* **Excerpted records**:
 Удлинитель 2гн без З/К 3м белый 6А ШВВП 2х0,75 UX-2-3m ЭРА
--
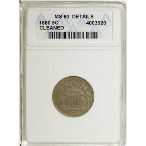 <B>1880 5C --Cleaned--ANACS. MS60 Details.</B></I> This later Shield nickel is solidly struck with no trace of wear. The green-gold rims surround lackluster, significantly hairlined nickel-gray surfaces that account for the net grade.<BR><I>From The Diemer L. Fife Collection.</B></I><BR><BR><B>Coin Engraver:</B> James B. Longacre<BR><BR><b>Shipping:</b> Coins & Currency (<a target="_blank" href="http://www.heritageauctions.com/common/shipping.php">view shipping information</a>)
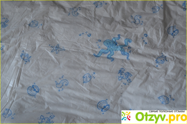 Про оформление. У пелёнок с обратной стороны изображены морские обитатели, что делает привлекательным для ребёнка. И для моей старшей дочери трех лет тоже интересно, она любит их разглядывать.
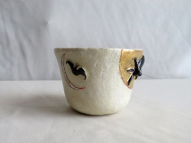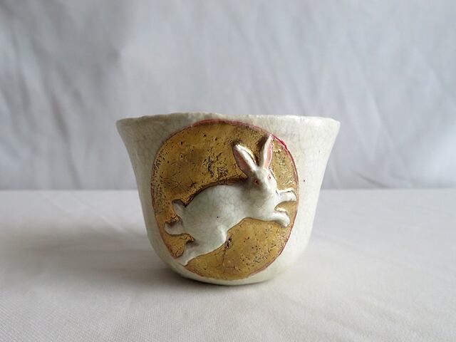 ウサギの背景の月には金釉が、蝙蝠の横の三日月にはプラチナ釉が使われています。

* **Required work**:
In the data above, the stretch from the line with "<B>1880 5C --Cleaned--ANACS." through the line with "ウサギの背景の月には金釉が、蝙蝠の横の三日月にはプラチナ釉が使われています。" is to be returned exactly, minus any pictures.

* **Your solution**:
 <B>1880 5C --Cleaned--ANACS. MS60 Details.</B></I> This later Shield nickel is solidly struck with no trace of wear. The green-gold rims surround lackluster, significantly hairlined nickel-gray surfaces that account for the net grade.<BR><I>From The Diemer L. Fife Collection.</B></I><BR><BR><B>Coin Engraver:</B> James B. Longacre<BR><BR><b>Shipping:</b> Coins & Currency (<a target="_blank" href="http://www.heritageauctions.com/common/shipping.php">view shipping information</a>)
 Про оформление. У пелёнок с обратной стороны изображены морские обитатели, что делает привлекательным для ребёнка. И для моей старшей дочери трех лет тоже интересно, она любит их разглядывать.
 ウサギの背景の月には金釉が、蝙蝠の横の三日月にはプラチナ釉が使われています。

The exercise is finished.